Awesome! Thanks for the manual a few months back it helped me a lot. However I just picked up a #2 Russo Coal stove( the skinnier one with the circular grate) I was wondering if anyone has a manual or any specs on it. I just would like to know the BTU and square foot output of these.


----------



## Bigtuna (Dec 2, 2008)

Hi, I'm new to this but have been reading up and this is a great site.  

I just got this same stove posted above (CW1).  I'm installing it in my Garage and will only use it from time to time when.  I have a few quick questions:

The stove is in great shape.  I'm going to re-finish and replace all the gaskets.  It has one small area about 4"x6" on the side that has some rust.  As I'd like to re-finish the entire stove, is it better to sand and re-paint or to sand and polish?  If so, should I use 220 sand paper or wire brush?

The stove will be used for both wood and coal, however, the stove did not come with fire brick to go over the bottom grate.  Is the fire brick for the bottom standard and can I go anywhere.  I read that Russo is now Fireplaceseast.com so I guess I could go there but would like to save some $$ if these are standard.

Lastly, the only other piece missing from the stove is the handle on the left side to turn the cool box.  Not sure what you call that handle but is that a part that would be difficult to find?

Thanks guys


----------



## Will (Sep 22, 2010)

WOODBUTCHER said:
			
		

> It's good to see pictures floating around from my original manual, glad they help.
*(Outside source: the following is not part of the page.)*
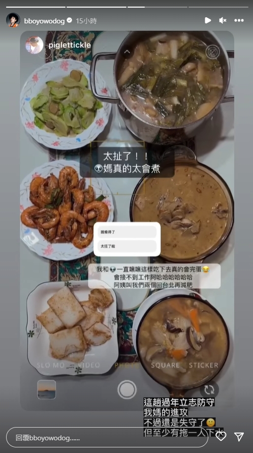 不僅如此,敖犬媽媽精心準備了六道佳餚,有菜、有肉十分豐盛,發發見狀都驚呼:「太扯了!敖犬媽真的太會煮!」原本一直嚷嚷吃下去會「完蛋」,還會因此接不到工作,「阿姨叫我們兩個回台北再減肥」,敖犬也說:「這趟過年立志防守我媽的進攻,不過還是失守了,但至少有拖一人下水。」互動相當可愛。

My old Russo stove was a CW#2 (Smaller one) it had 3 firebricks on the bottom and a shaker grate underneath, my manual says it requires a coal basket to burn coal. My manual also states that if you have the the CW#1 Coal is burned directly on the cast iron grates....( please read picture from my old manual , it is different from my other picture you have posted. ) I have also posted a picture of my old CW#2
> 
> 
> WoodButcher



Hello WOODBUTCHER, Master of Fire,
I just bought a used (and incomplete) Russo coal wood combination stove which appears to be just like yours
and I need a copy of the manual for the building inspector to approve my permit.
I can't seem to find the manual *.jpg files you posted on your site? - Sorry, I'm new to this and can't find where to look, if there no longer there, can you email them to me or, - is there anyway I could get a copy of yours?
I would be happy to pay whatever it cost for 'Kinkos' to copy it, or do you know a source?
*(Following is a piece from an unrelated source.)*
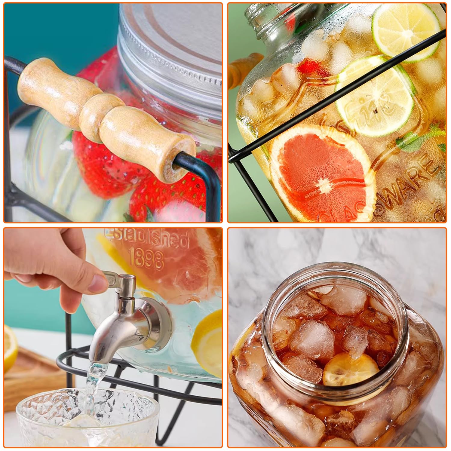 Hiziwimi 4L Glas-Getränkespender mit Deckel Weithals-Eisgetränkeglas mit Bügeleisenhalter, für Eissaft, Wasser, hausgemachte Teegetränke

Also, any ideas where to get a coal basket & shaker? - I would love to burn coal as well

Thanks in advance for any guidance you might provide. Thanks, Wil


----------



## Big D (Nov 27, 2012)

WOODBUTCHER said:


> I put them up for public viewing........9 pages....please give it time to download from my site.
> Please note they are doublepages and require you to scroll left/right at bottom for page viewing.
> 
> WoodButcher
> ...


 Minister of fire.

I have been attempting to locate a manual for my Russo CW2 with no avail. My latest hope, which I thought had come from this post, was smashed when to my dissmay the links you have provided displayed a 404 (page not found) alert. 
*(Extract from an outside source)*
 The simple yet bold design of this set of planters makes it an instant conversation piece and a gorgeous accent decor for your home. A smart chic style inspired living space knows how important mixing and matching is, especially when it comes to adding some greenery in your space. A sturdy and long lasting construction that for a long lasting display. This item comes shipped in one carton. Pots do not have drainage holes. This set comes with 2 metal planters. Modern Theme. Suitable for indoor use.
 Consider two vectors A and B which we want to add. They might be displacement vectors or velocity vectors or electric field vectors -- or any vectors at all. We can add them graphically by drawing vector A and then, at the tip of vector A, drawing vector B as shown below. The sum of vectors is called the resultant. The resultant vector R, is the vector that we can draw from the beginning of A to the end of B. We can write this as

After composing myself, I have taken to contacting you directly (I hope) in order that you might find it possible to repost these links, or if you can find it in your heart, to post the pages as you have in previous posts.  The jpgs that can be viewed have proven most helpful ! 

Thank you so much for your help in this matter,

D


----------



## begreen (Nov 27, 2012)

very old thread.


----------